In Springfield, Syverson is concerned less about avoidance behavior than simple preparation. After all, legislators have to vote on many subjects about which they may know little or nothing, Syverson conceded, mentioning representatives from Chicago voting on agriculture issues and lawmakers from rural districts voting on urban mass-transit measures.

If members of the General Assembly aren’t fully ready to pass judgment on a complicated issue, education might help, said Syverson, who’s thinking about proposing a specific remedy to start: an economics course every two years for lawmakers.

Business trade groups and others could work with community colleges to develop the course, said Syverson, who thinks many legislators may respond since even when they think they’ve something good, they later are stunned by the “horrendous results” of their decisions.

“It’s because I think those decisions are made on how that legislation affects one particular group in that one particular period of time,” Syverson told Illinois Public Radio.

Syverson hasn’t yet filed such a bill, according to the Illinois General Assembly’s web site.

Hedgecock also has suggested lessons, if not instruction, to the avoidance dilemma.

Besides uncertainty and ambiguity, avoidance – doing nothing – is made worse by politics, especially the uncooperative atmosphere now, but citizens nevertheless expect their representatives to overcome the basic human instinct of decision avoidance.
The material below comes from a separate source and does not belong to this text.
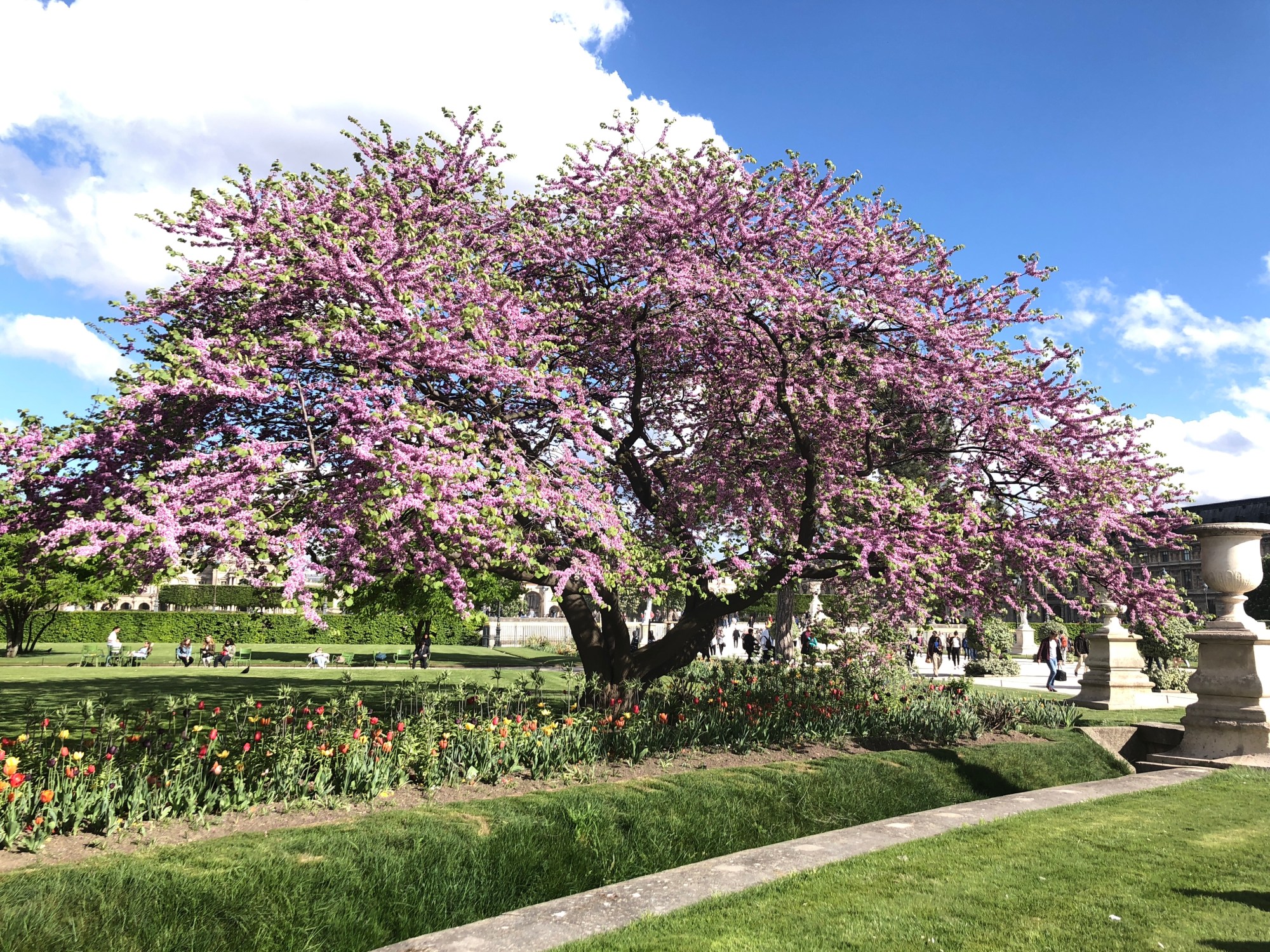 Later, in the peak of summer on a day like this, the Tuileries will be jam packed. For now, we enjoy the relatively uncrowded park and the beauty of spring in Paris

Lawmakers should note that others have, Hedgcock said.

Re-interpreting a negative decision as a positive can help – “it could have been worse” – although that’s difficult in an atmosphere where political foes wait to criticize any decision. However, training has helped military, business, medical and other leaders make painful and difficult decisions.

Another often-successful method is to put in place a default choice so awful that nobody wants it to happen, and that can force them to act – like Congress’s “sequestration” scheme.

“They did that, and, clearly, it didn’t work,” Hedgcock conceded. “It might have been better if the default wasn’t so awful. In that case, tradeoff aversion might have been greater than the relatively smaller negative aspects of the default. This would make it more palatable to stick with the sequester if they hadn’t made it so painful.”